DC Mayor and Council Preempt One Fair Wage for All

We in the District of Columbia like to pride ourselves on how progressive our community is. But it’s behind the curve now on an issue that directly affects nearly 29,000 local workers — those whom employers can pay far less than the minimum wage.

The draft Democratic Party platform supports an end to the sub-minimum, i.e., tip credit, wage. That would extend nationwide a policy already in force in seven states. The DC Council instead chose to merely increase the wage to $5.00 by 2020 — even less than the Mayor had proposed.

All our elected officials knowingly preempted our chance as constituents to decide whether all workers our labor laws can cover* should get paid at least $15 an hour — one fair wage, as it’s commonly called.

Let’s just say they know not only which side their bread is buttered on, but who butters it — restaurant owners represented by the local affiliate of the National Restaurant Association and other business owners for whom the Chamber of Commerce purports to speak.

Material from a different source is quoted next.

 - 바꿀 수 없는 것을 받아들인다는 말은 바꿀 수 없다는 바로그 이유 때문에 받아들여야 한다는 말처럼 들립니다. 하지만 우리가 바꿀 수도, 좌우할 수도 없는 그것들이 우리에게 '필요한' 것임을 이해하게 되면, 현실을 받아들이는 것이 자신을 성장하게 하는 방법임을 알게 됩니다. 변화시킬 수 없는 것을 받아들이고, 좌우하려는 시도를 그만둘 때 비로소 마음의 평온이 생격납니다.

I’ve written about the tip credit wage before, but for those new to the issue, here’s what it is and a summary of what’s wrong with it.

How the Tip Credit Wage Works

Employers in most states and the District may pay workers who regularly receive tips a much lower cash wage than the regular minimum. They must fill in any gap between the tip credit wage, plus tips a worker receives and the regular minimum.

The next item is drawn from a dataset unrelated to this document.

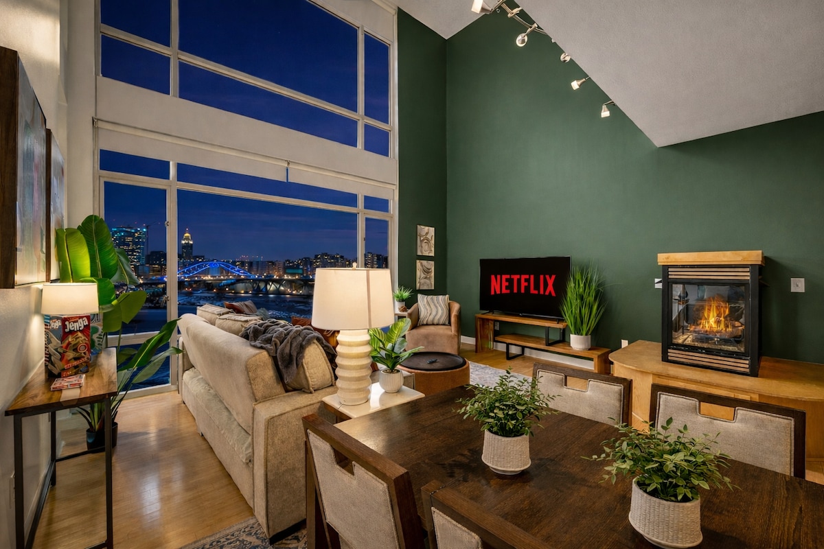 Ubicado en el centro de la ciudad, un condominio de 4 camas y 2,5 baños cuenta con un diseño abierto, pisos históricos de arce, una cocina elegante, tragaluces dobles, pisos de resina de epoxi y una gran ducha a ras de suelo. Disfruta de acceso sin llave y de la posibilidad de caminar a estadios, centro de convenciones, frente al lago, vida nocturna, restaurantes de lujo y el casino JACK. Una lujosa suite principal cuenta con un baño privado con una amplia ducha a ras de suelo. Cuatro dormitorios distintos: 1 King, 2 reinas y 1 litera individual. ¡UBICACIÓN! ¡Acceso a SoulSpace Wellness!

So, for example, owners of sit-down restaurants in the District, along with hotel owners and other businesses like hair and nail salons must now pay their tipped employees $2.77 an hour, no matter what.

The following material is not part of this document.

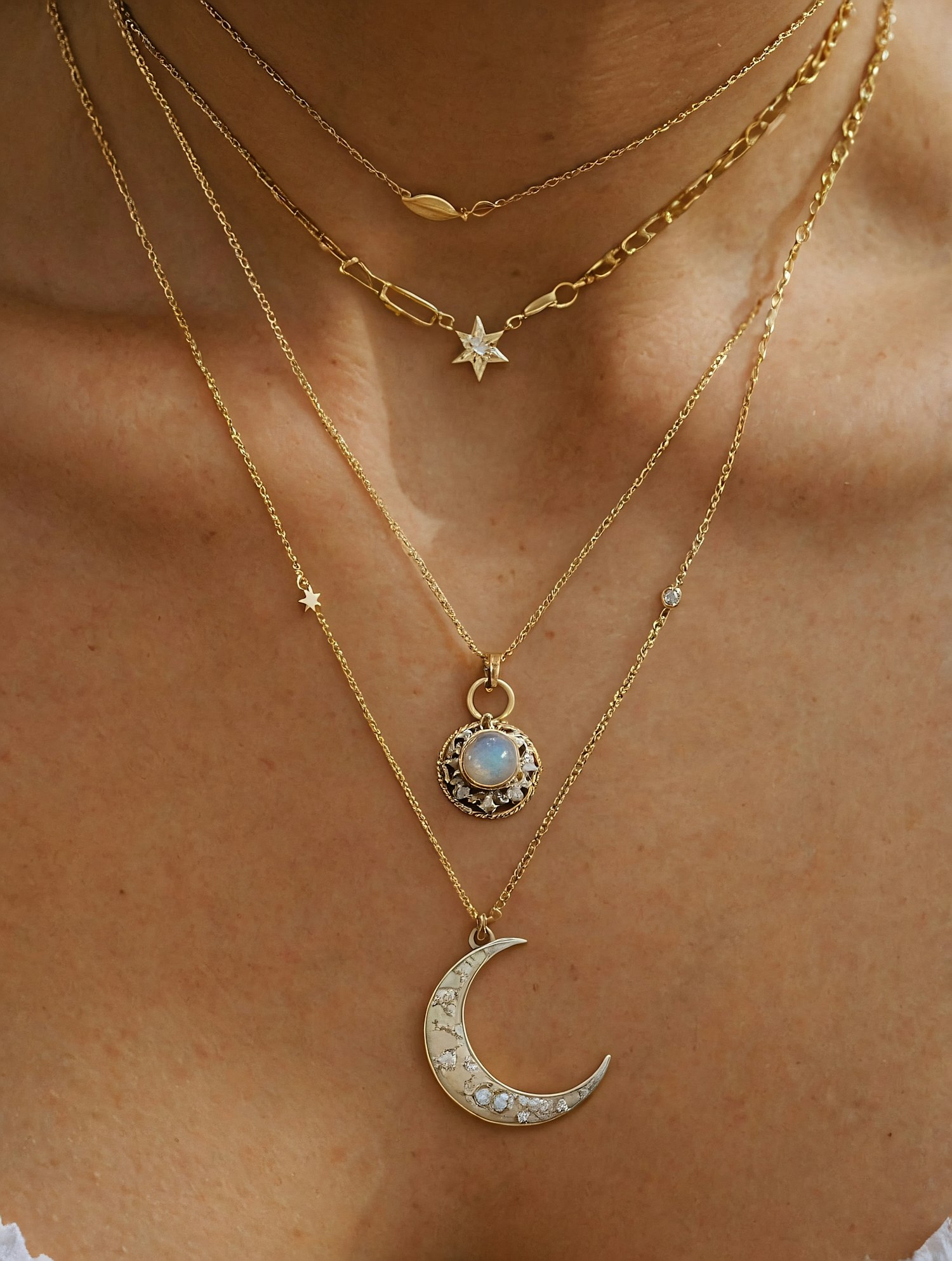 Elegant layered gold necklaces with star, moon, and gemstone pendants on a light brown skin tone.

If their workers receive at least $8.73 an hour in tips, they’re home free. If not, they must add to paychecks enough to equal $11.50 an hour.

At best then, customers subsidize employers’ labor costs, though most believe they’re just rewarding workers who’ve served them.

Why the Tip Credit Wage Doesn’t Work

A common complaint — amply documented — is that most workers subject to the tip credit wage earn very little. That, in theory, is  a problem with the minimum wage itself. In practice, however, workers may not get as much as they’ve earned — or even know they’ve been shorted. Several reasons for this.

First off, workers may not know how much they’ve received in tips. Consider, for example, a wait server who’s rushing from one table to another. How’s she supposed to keep track of tips, when so many now are added to credit card bills?

Second, employers may legally do several things to deny workers the full amount they receive in tips. They may deduct processing charges for tips added to credit card bills. They may put all tips into a pool and divvy them up among tipped staff, based on some formula they’ve established.

Third, the tip credit system virtually invites abuse. For example, we know of cases where employers have siphoned off tips from the pool to ramp up pay for non-tipped workers. In other cases, employers have required tipped employees to do a lot of work they don’t receive tips for while still basing their whole pay on the sub-minimum.

In still others, employers simply don’t fill in the gap between the sub-minimum wage, plus tips and the regular minimum. More than one in ten workers in tipped occupations reported total hourly wages below the federal minimum, according to White House economists and the U.S. Department of Labor.

The Labor Department has said it knows of at least 1,500 recent cases of wage theft associated with the tip credit wage. But there are surely more.

The provision that requires employers to ensure that tipped workers earn at least the full minimum wage is difficult to enforce, the White House report says. And the Labor Department has nothing like the resources to investigate as broadly as seems warranted.

This seems also the case in the District, where a coalition of local and national organizations recently called for, among other things, “proactive, increased enforcement” of worker protection laws. But the office responsible for enforcing them won’t have enough staff.

As things stand now, both the federal and local wage and hour enforcement agencies depend largely or solely on complaints filed by workers and organizations representing them.

But workers hesitate to complain because managers can readily retaliate — if not by firing them, then by reducing their hours or putting them on shifts that yield paltry tips.

Wage theft isn’t the only thing tip credit workers could, but often don’t complain about. A survey of restaurant workers found very high rates of sexual harassment — and twice as many in tip credit states as others.

More than half felt they had to put up with it because they’d lose tips — and perhaps their jobs — if they didn’t.

In short, what’s to like if you’re not a business owner who profits, legally or otherwise, by paying your workers the tip credit wage?

The owners and associations that represent them say tipped workers should and do like it and that eliminating it would harm not only them, but the local economy.

I’ll take up their arguments in a followup post — in part because we may not have heard the last of them, whatever happens nationally in November.

* Only Congress and federal agencies can set wages for federal employees and workers employed by federal contractors. The draft Democratic Party platform addresses both — the former with a $15 an hour minimum wage and the latter with an executive order “or some other vehicle.”